Un élevage à part.
— La production des oisons destinés à être débités à
l’étal ou transformés en pâtés, confits, saucissons, poitrines
fumées, etc., est une spécialité de rapport qui, malheureusement, ne rentre
pas dans les cordes de tous les éleveurs. En effet, pour s’adonner sur une
certaine échelle à l’élevage des oisons, qui sont avant tout des herbivores,
il faut disposer de vastes parcours (friches, landes, vergers, prairies), où
l’on peut envoyer pâturer les oisons et les reproducteurs. Autrement, si on
était obligé de nourrir ses pensionnaires avec de la pâtée ou du grain, outre
que cette nourriture ne serait pas rationnelle pour eux, son prix de revient
serait trop onéreux, et il vaudrait mieux s’adonner à un autre genre d’élevage.
Directives à observer.
— Suivant l’étendue des parcours pouvant servir
d’herbage aux oies, on entretiendra, 5, 10, 15, 20 ... femelles ou plus,
accompagnées de 1, 2, 3, 4 ... jars, devant assurer la bonne fécondation
des œufs. Chaque groupe de six reproducteurs pouvant fournir 120 à 140 œufs,
il sera possible d’en obtenir une centaine d’oisons, de sorte que les élevages
précités, d’importance croissante, produiront annuellement 100, 200, 300, 400 ...

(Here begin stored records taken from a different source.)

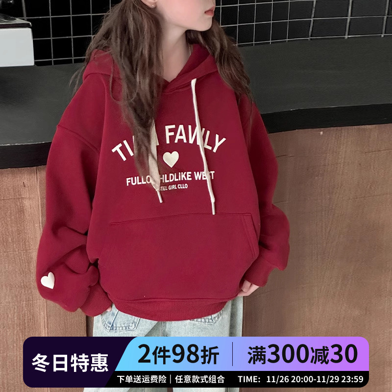 소녀 후드 2024 어린이 가을 옷 가을과 겨울 옷 새로운 스타일 대규모 어린이와 소녀 서양식 후드 두꺼운 탑스토어 가기
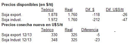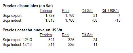 En lo que hace a soja de la campaña nueva, se está pagando un precio relativamente similar al de la exportación, pero 23 U$S/tt menor al que podría pagar la industria. No obstante esto es lógico para el momento del año que se atraviesa.
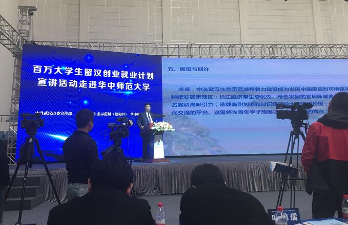 同為華中師范大學畢業的湖北省武漢市委常委、宣傳部部長李述永在會上向同校的學弟學妹們介紹了政府對“百萬大學生留漢創業就業計劃”的大力支持,並誠邀華中師范大學學子及廣大大學生與蔡甸合夥,在漢圓夢。
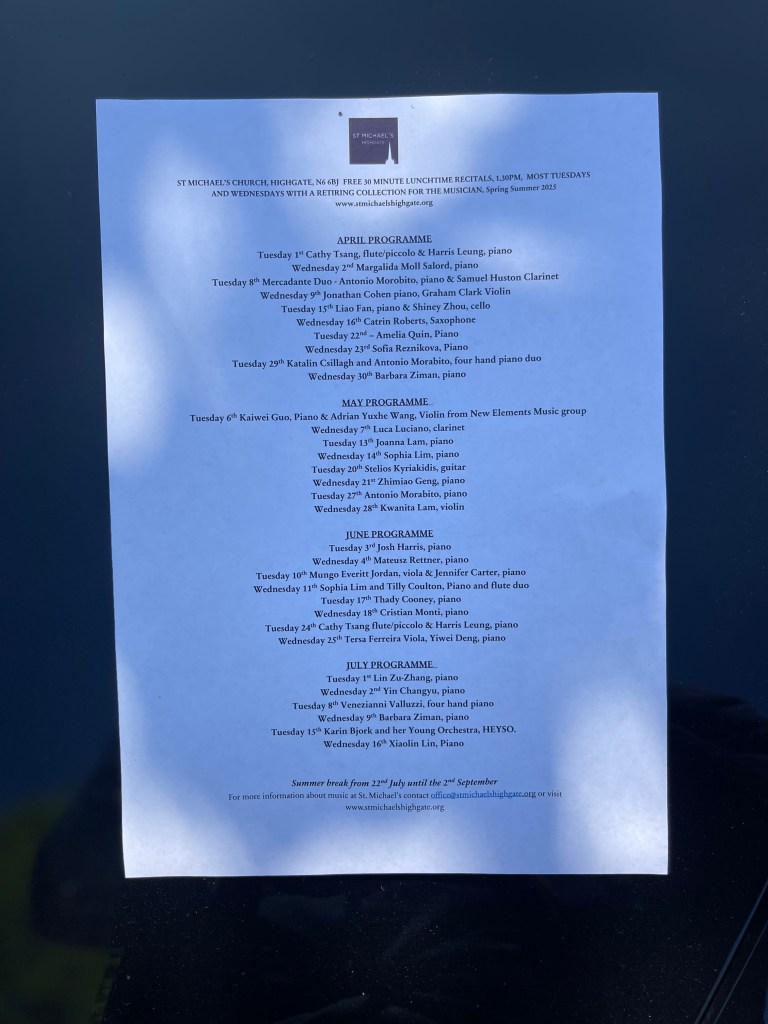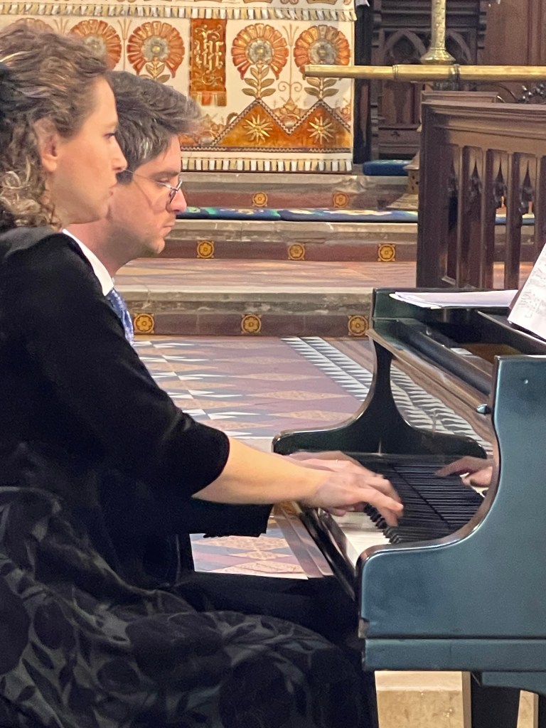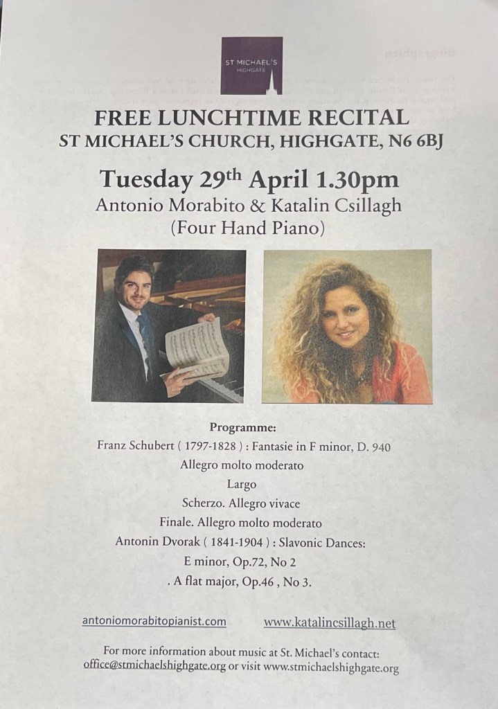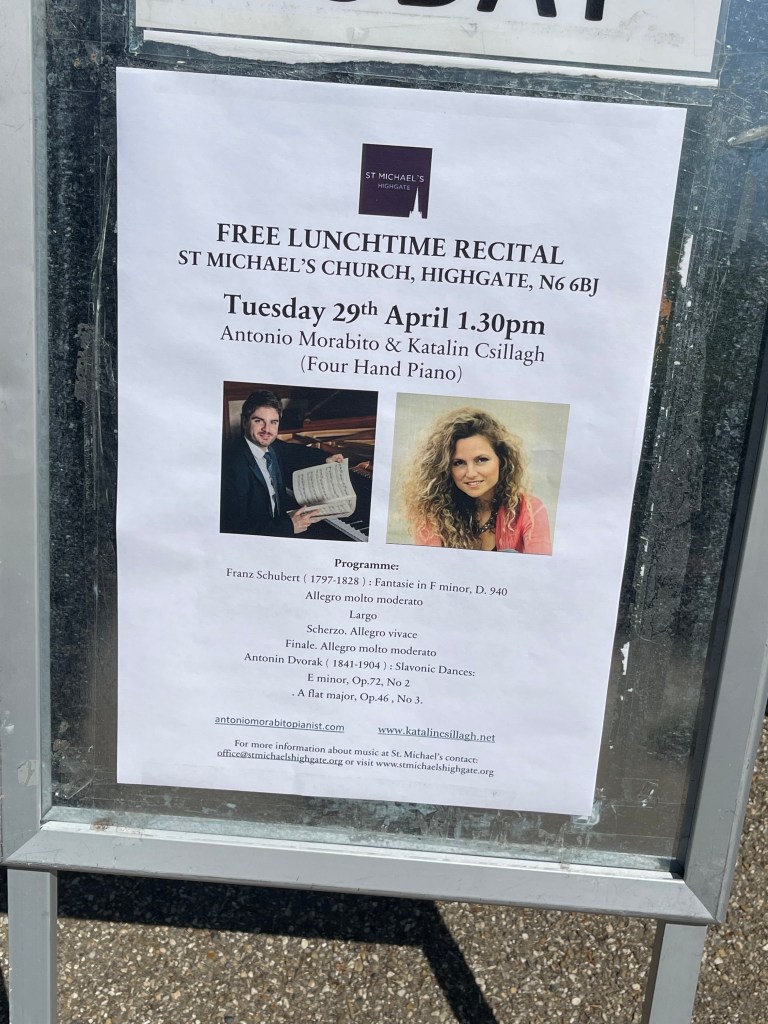 A monumental declaration of poignant nobility where,every so often , a ray of sunlight would appear allowing Schubert’s unending melodic invention to beguile and haunt us before bursting into the Scherzo. The final ‘fugato’ was played with remarkable control and a sense of line where these two artists played as one. The return of the opening theme after such tempestuous knotty twine is one of those moments of pure genius ( similar to the return of the the Aria in Bach’s Goldberg Variations). A magic that these two pianist were able to share with us, making this trip to Highgate one of the most memorable moments in a London where spring has taken on another meaning.

sujets de consommation, laissant à l’éleveur des bénéfices nets intéressants,
la moitié environ du brut, soit 3.000 francs par groupe de six
reproducteurs.
Dans le cas où on manquerait de parcours herbe, et
pour parer à la pénurie des périodes de sécheresse, il faudrait prévoir des
cultures fourragères estivales (choux, trèfles, vesces, orties,
laitues, etc.), qui pourraient être mises à contribution après les avoir
passées au hachoir, pour nourrir les oisons de tous les âges. Ces ressources
vivrières échelonnées seront précieuses, associées à des denrées de base ;
elles permettront de gagner un mois sur la durée de la mise au point des
oisons, lesquels pourront être livrés à la consommation à l’âge de 6 mois,
au lieu de 7 et 8 mois. Cela permettra en outre de ménager les herbes sur
pied, si on prévoit la division en parcelle, que l’on fera pâturer
alternativement, pour éviter l’action caustique de la fiente des palmipèdes.
L’élevage type.
— Il ne faut jamais loger les oies avec les autres
volailles, parce qu’elles se gêneraient mutuellement, n’ayant pas les mêmes
besoins, ni les mêmes mœurs. On sait, en effet, que la nourriture des palmipèdes
herbivores n’est pas la même que celle des gallinacés omnivores.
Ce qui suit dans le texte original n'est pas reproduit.